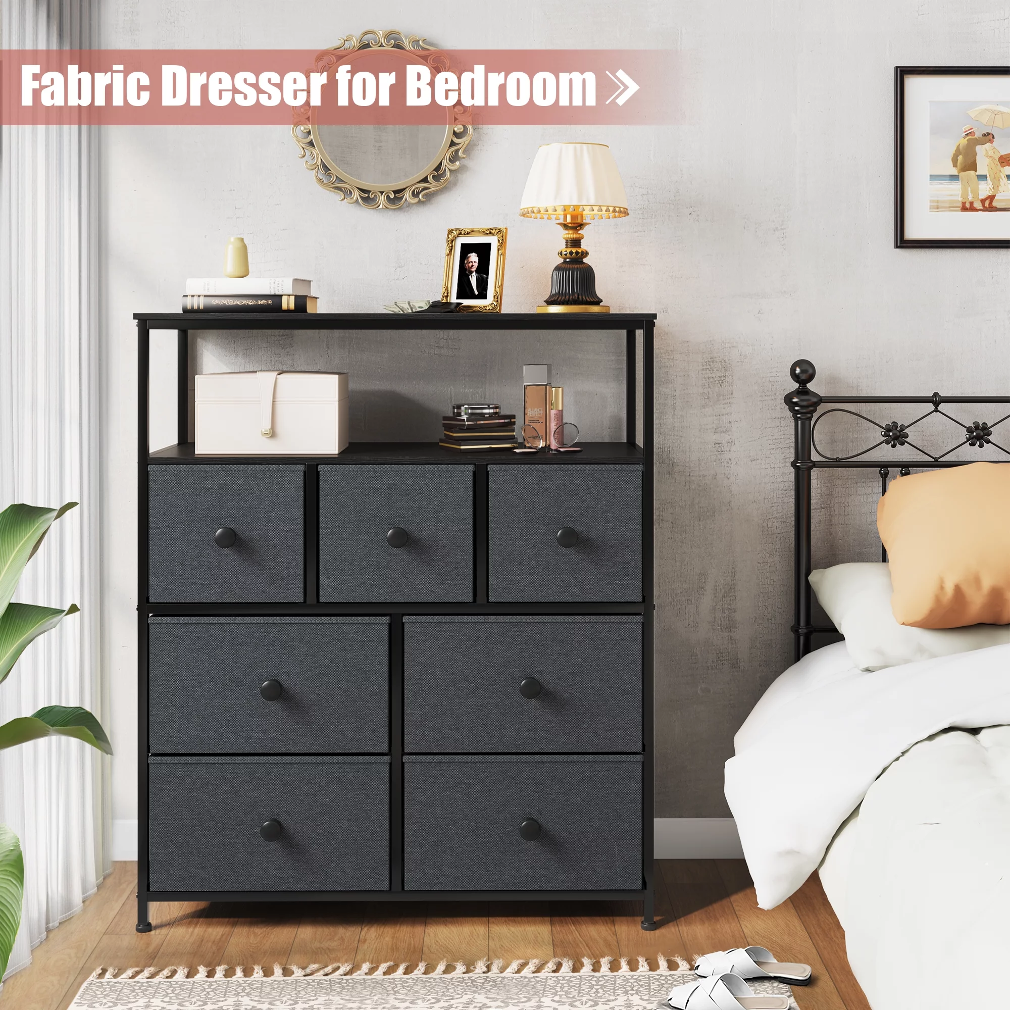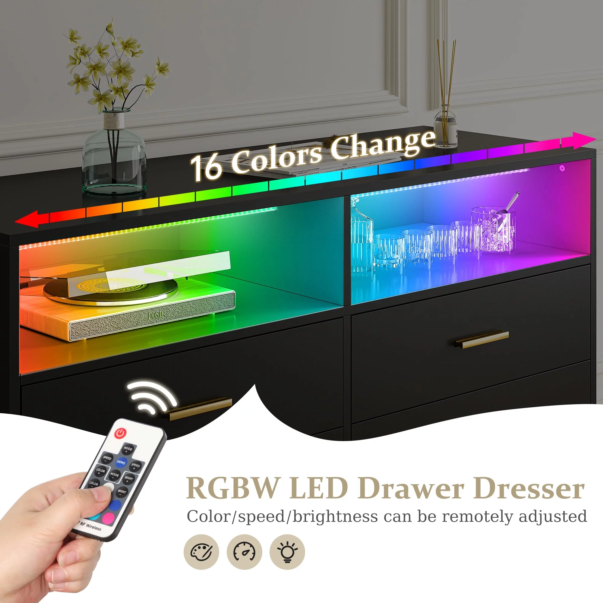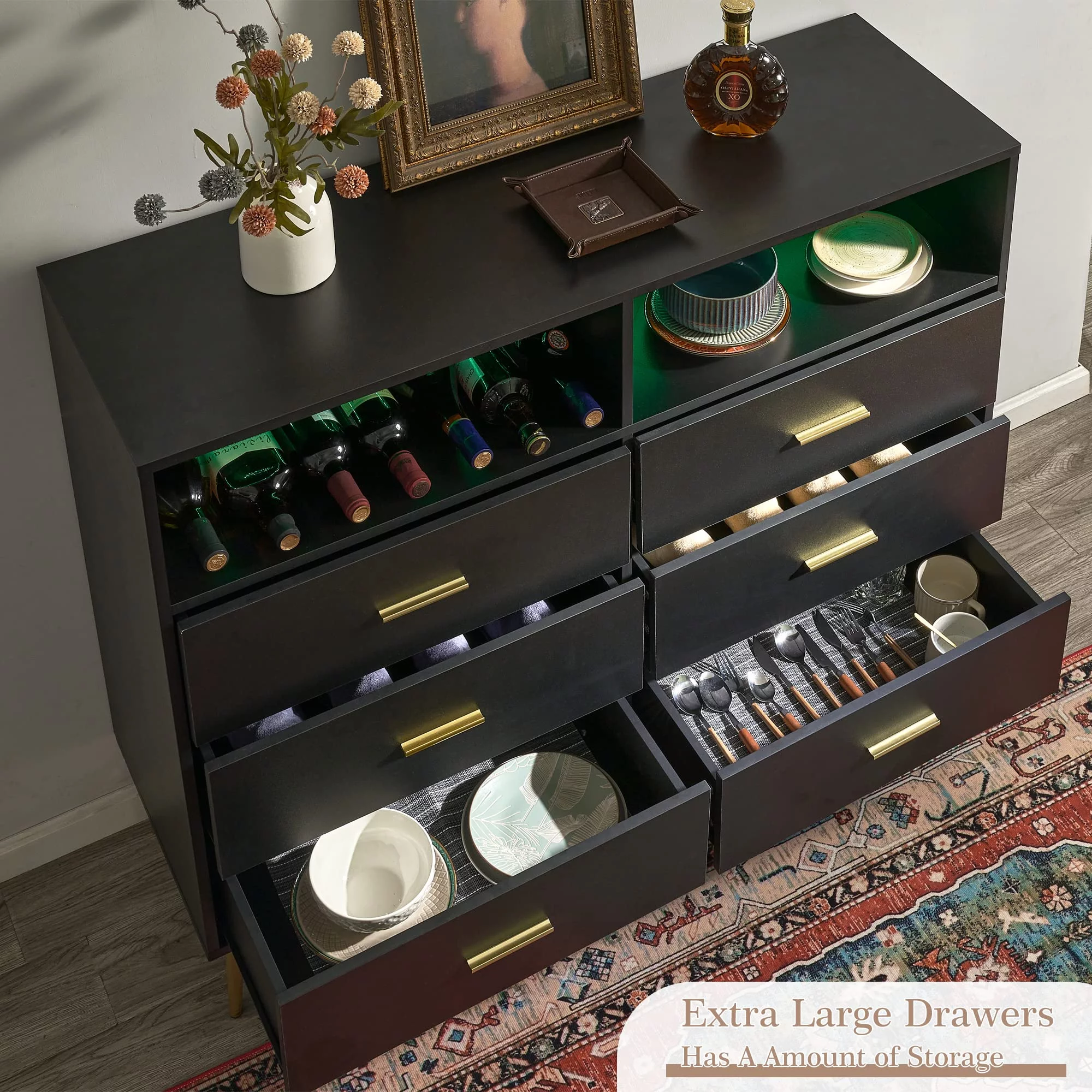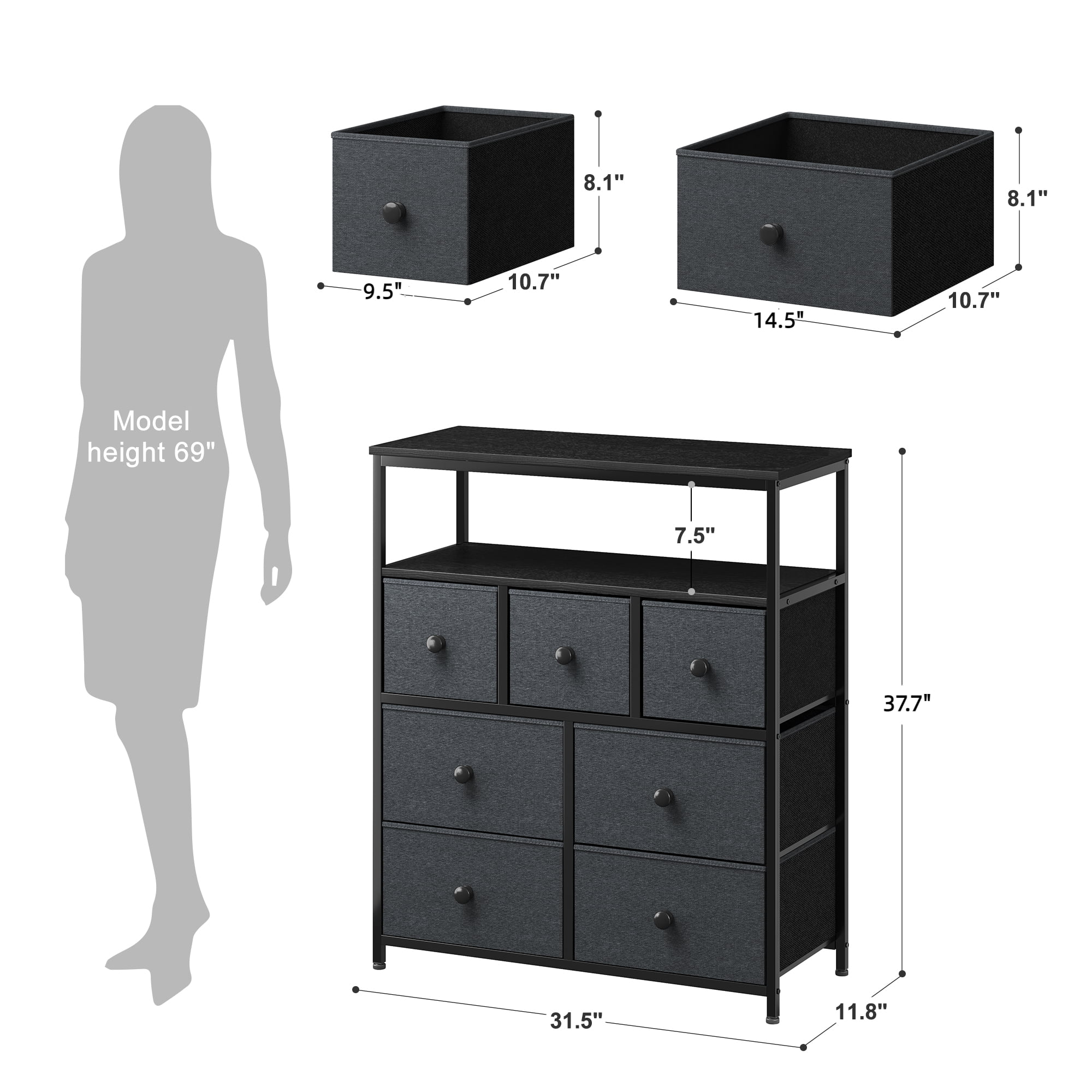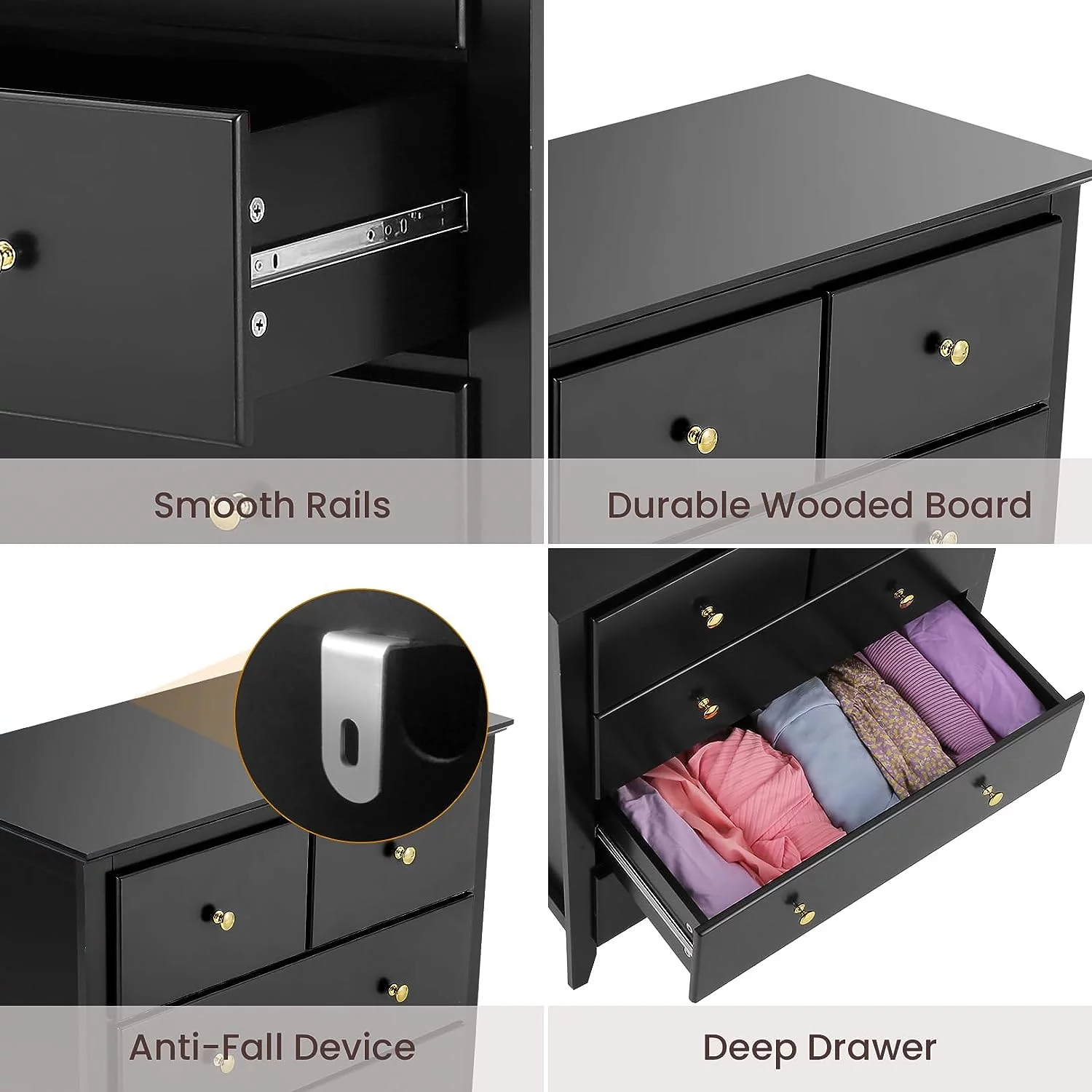 Homfa 7 Drawer Black Dresser for Bedroom, Glass Panel Wood Storage Cabinet with Easy Pull Out Handles for Living Room
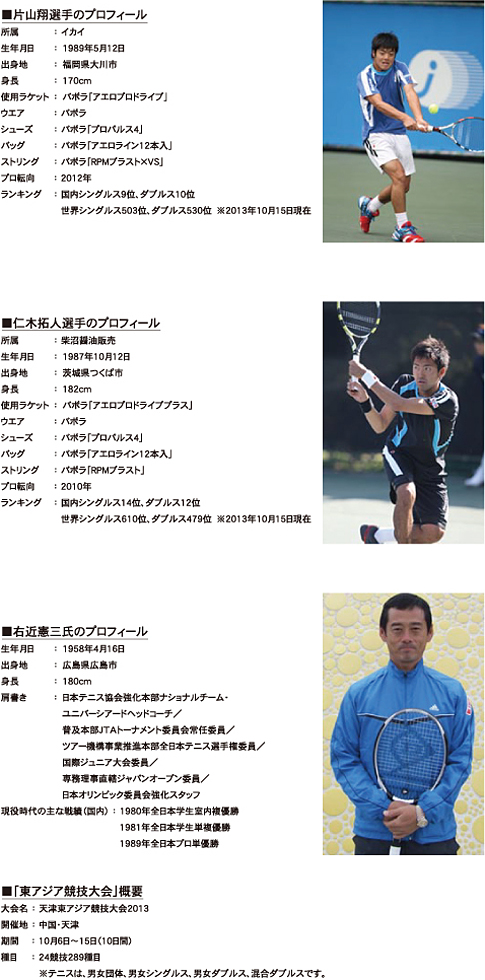 10月6日から開催されていた「天津東アジア競技大会2013」に、ダンロップスポーツ(株)の販売会社である(株)ダンロップスポーツマーケティングとバボラのテニス用品使用契約をしている片山翔選手が男子シングルスで金メダル、男子ダブルスで銅メダルを獲得しました。 また、混合ダブルスに出場していた仁木拓人選手(バボラのテニス用品使用契約)が、銅メダルを獲得、そして両選手が出場した男子団体でも銅メダルを獲得しました。本大会の監督は、当社アドバイザリースタッフの右近憲三氏です。
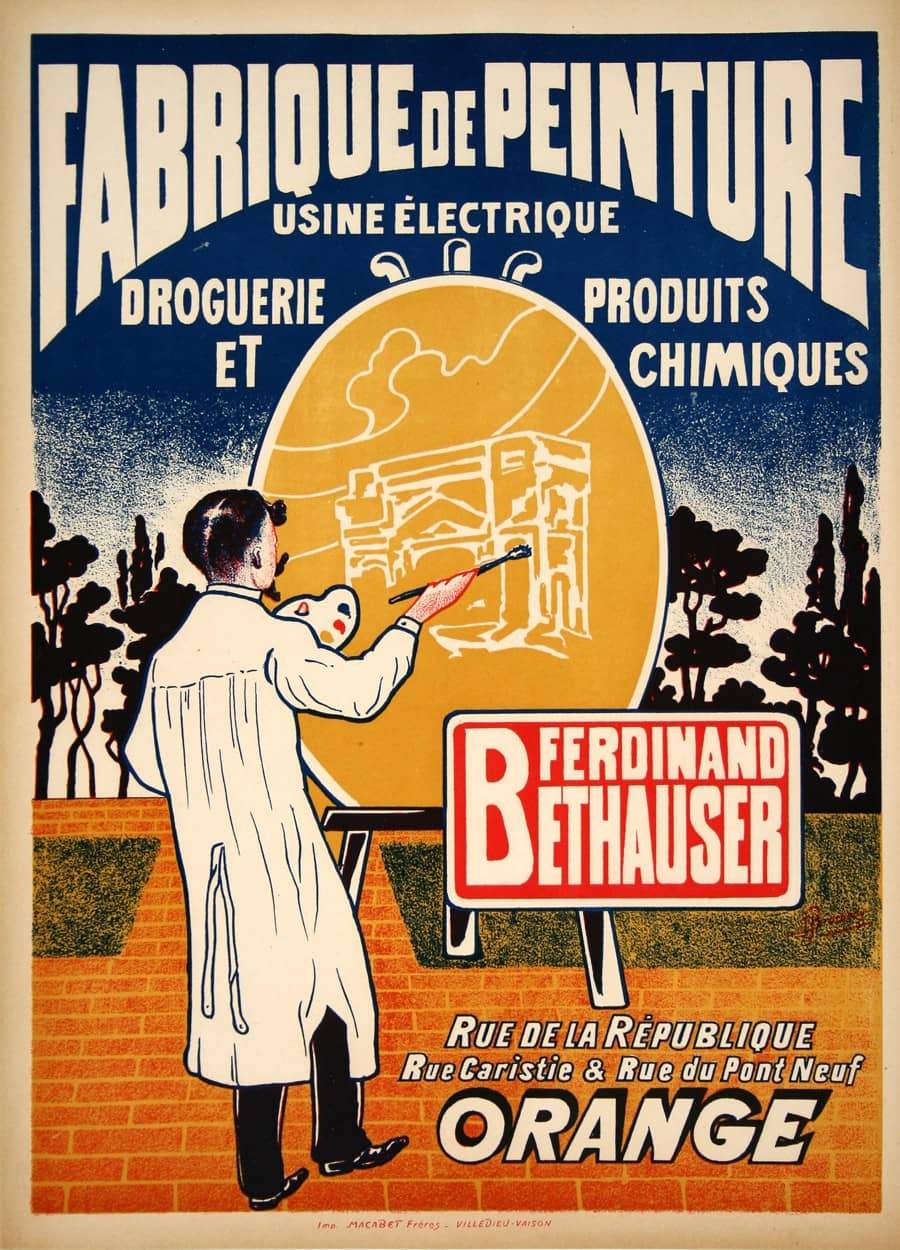 This is an original stone lithograph from the 1920s. It shows an artist at his canvas using painting products produced by Ferdinand Bethauser. The image includes the address of Ferdinand Bethauser's store in Paris which sells canvas and other artist supplies.
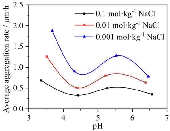 After the stress reaction period, the IREO colloids enter into the stable colloid aggregation period. The particle size of the IREO colloids increases steadily with the increase in aggregation time. This change trend can be fitted by exponential function and a good result can be obtained (Table 3), and the average aggregation rate of the IREO colloids in the stable aggregation period can be calculated (Figure 5), in which the IREO colloids presents a higher aggregation rate at low salinities. This also indicates that colloids are more likely to aggregate in low-salinity solutions. In addition, there is a large correlation between the aggregation rate of colloids and solution pH in Figure 4, which shows a lower aggregation rate at approximately pH 4.5 for all salinity conditions in this experiment. This further suggests that there is an inhibitory effect of approximately pH 4.5 on mineral aggregation.
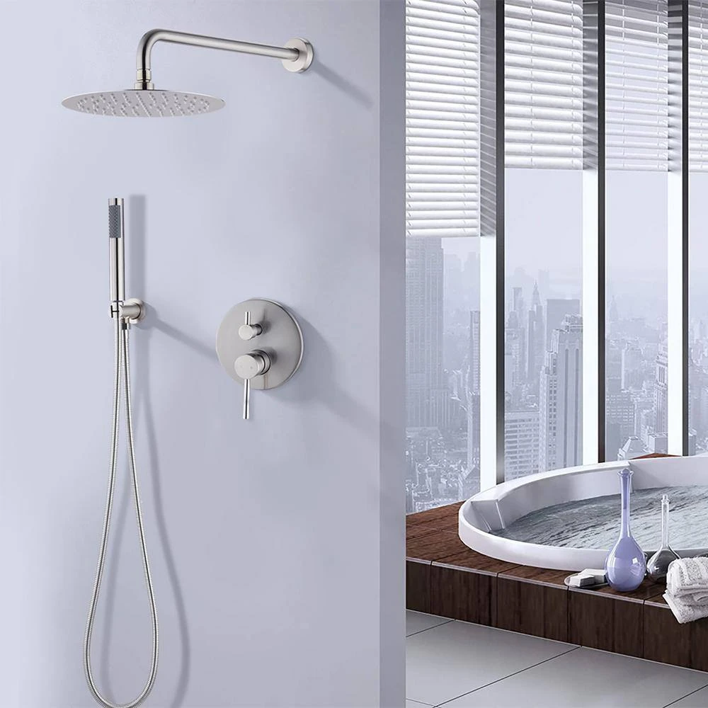 - 10 in. rain shower head and handheld shower head provide a full body spray even in low water pressure areas
────────
PROBLEM - From the first line to the last, copy the records exactly and skip the pictures.

FINAL ANSWER -
 Homfa 7 Drawer Black Dresser for Bedroom, Glass Panel Wood Storage Cabinet with Easy Pull Out Handles for Living Room
 10月6日から開催されていた「天津東アジア競技大会2013」に、ダンロップスポーツ(株)の販売会社である(株)ダンロップスポーツマーケティングとバボラのテニス用品使用契約をしている片山翔選手が男子シングルスで金メダル、男子ダブルスで銅メダルを獲得しました。 また、混合ダブルスに出場していた仁木拓人選手(バボラのテニス用品使用契約)が、銅メダルを獲得、そして両選手が出場した男子団体でも銅メダルを獲得しました。本大会の監督は、当社アドバイザリースタッフの右近憲三氏です。
 This is an original stone lithograph from the 1920s. It shows an artist at his canvas using painting products produced by Ferdinand Bethauser. The image includes the address of Ferdinand Bethauser's store in Paris which sells canvas and other artist supplies.
 After the stress reaction period, the IREO colloids enter into the stable colloid aggregation period. The particle size of the IREO colloids increases steadily with the increase in aggregation time. This change trend can be fitted by exponential function and a good result can be obtained (Table 3), and the average aggregation rate of the IREO colloids in the stable aggregation period can be calculated (Figure 5), in which the IREO colloids presents a higher aggregation rate at low salinities. This also indicates that colloids are more likely to aggregate in low-salinity solutions. In addition, there is a large correlation between the aggregation rate of colloids and solution pH in Figure 4, which shows a lower aggregation rate at approximately pH 4.5 for all salinity conditions in this experiment. This further suggests that there is an inhibitory effect of approximately pH 4.5 on mineral aggregation.
 - 10 in. rain shower head and handheld shower head provide a full body spray even in low water pressure areas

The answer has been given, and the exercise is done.